The pterion is about 2–3 cm behind the FZ point along the stem of the Sylvian fissure and 3 cm above the zygomatic arch. The Sylvian fissure lies along a line extending from the FZ point toward the junction of the anterior 3/4ths and posterior 1/4ths of the N-I line. The central sulcus and sylvian fissure meet at an obtuse angle of approximately 120°. The pars triangularis of the frontal lobe lies just above the anterior part of the Sylvian fissure, 2–3 cm behind the FZ point, or behind the pterion. The AG or inferior part of the inferior parietal lobule lies just above the pinna of the ear. The inion lies over the torcular herophili and the attachment of the tentorium to the inner table of the skull. The transverse sinus lies beneath a line connecting the root of the zygoma and the inion, and the asterion approximates the junction of the transverse and sigmoid sinuses. The superior parietal lobule lies approximately 6–7 cm above the inion and 2–3 cm lateral to the midline. The interparietal sulcus is oriented anteroposteriorly and lies 3–4 cm lateral and parallel to the midline (1, 3, 19).

Eloquent Cortex

Anatomical and functional variability is reported between individuals, and between the two hemispheres in the same individual. Such human genetic polymorphisms are most evident in frontal and parieto-occipital areas and may involve the perisylvian cortex, sylvian fissure, and planum temporale. Despite this, essential sites may be predicted by structural or functional imaging modalities, and clinical findings. This may then be used to guide surgical decision-making, and these established anatomical landmarks are of critical importance in the preoperative diagnosis, workup, and surgical treatment of cerebral gliomas (3). Notwithstanding that, and more recently with the aid of sophisticated neuroimaging modalities, a more holistic interpretation of cerebral function and the localization of various eloquent brain regions have gained popularity. The concept that the human brain is a highly sophisticated and intricately connected network that functions as a whole rather than being driven from a few select eloquent areas is supported by functional imaging studies. This concept of the human “connectome” adds another layer of complexity that goes beyond basic anatomical landmarks and is highly individual. Nonetheless, for the purpose of surgical removal of intrinsic cerebral gliomas, one has to rely on the standard concepts of essential eloquent cortex and strive for the goal of maximal safe removal of the tumor while preserving these areas.
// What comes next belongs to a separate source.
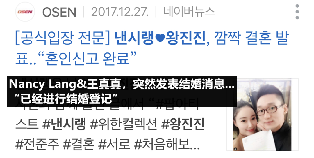 16日晚播出的MBC《Radio star》节目中,韩国流行艺术家兼西洋画家Nancy Lang自称2017年与前夫结婚,而在结婚第二天媒体就曝光了许多关于前夫的犯罪经历,最终Nancy Lang在结婚10个月后决定离婚,开始了长达三年的离婚诉讼,并于今年9月成功离婚。那么Nancy Lang到底是如何被欺骗的呢?今天我们一起来了解一下具体情况。

Eloquent cortex generally implies speech, sensorimotor, and visual areas. Broca’s area lies in the pars opercularis and triangularis of the IFG Brodman’s area 44 (Figure 3). It controls the complex orofacial movements required to articulate speech and lies just anterior to motor cortex for lip, tongue, face, and larynx movements. Additional essential language sites in the dominant hemisphere can extend into the MFG, STG, middle temporal gyrus (MTG), or the insula. Expressive aphasia results from injury to Broca’s area, while receptive aphasia results from injury to Wernicke’s area (Figure 3). Injury to the arcuate facsiculus or white matter tracts connecting these speech areas results in conduction aphasias with impaired repetition. Injury to association cortex around the speech areas results in transcortical aphasias in which the primary function is impaired but repetition is preserved. The fusiform gyrus may also participate in speech, “basal temporal language area,” although deficits from surgical resections in this area typically recover. Auditory functions are bilaterally represented and resections involving the transverse temporal gyri in one hemisphere are well tolerated. Optic radiations, representing the inferior half of the contralateral retina, loop forward over the temporal horn before arching back toward the striate cortex in the banks of the calcarine fissure. Temporal resections that encroach upon these fibers cause a contralateral upper outer quadrantonopsia, a “pie-in-the-sky” defect, which is also well tolerated (3, 1821).

Fig 3

Figure 3 Lateral sagittal T1-weighted MRI scans. Pars triangularis (Pars Tr), pars opercularis (Pars Op), posterior horizontal ramus of the sylvian fissure (PHR), and supramarginal gyrus (SMG). Subcentral gyrus (SCG), precentral gyrus (PCG), central sulcus (CS), postcentral gyrus (PoCG), supramarginal gyrus (SMG), angular gyrus (AG), and superior temporal sulcus (STS).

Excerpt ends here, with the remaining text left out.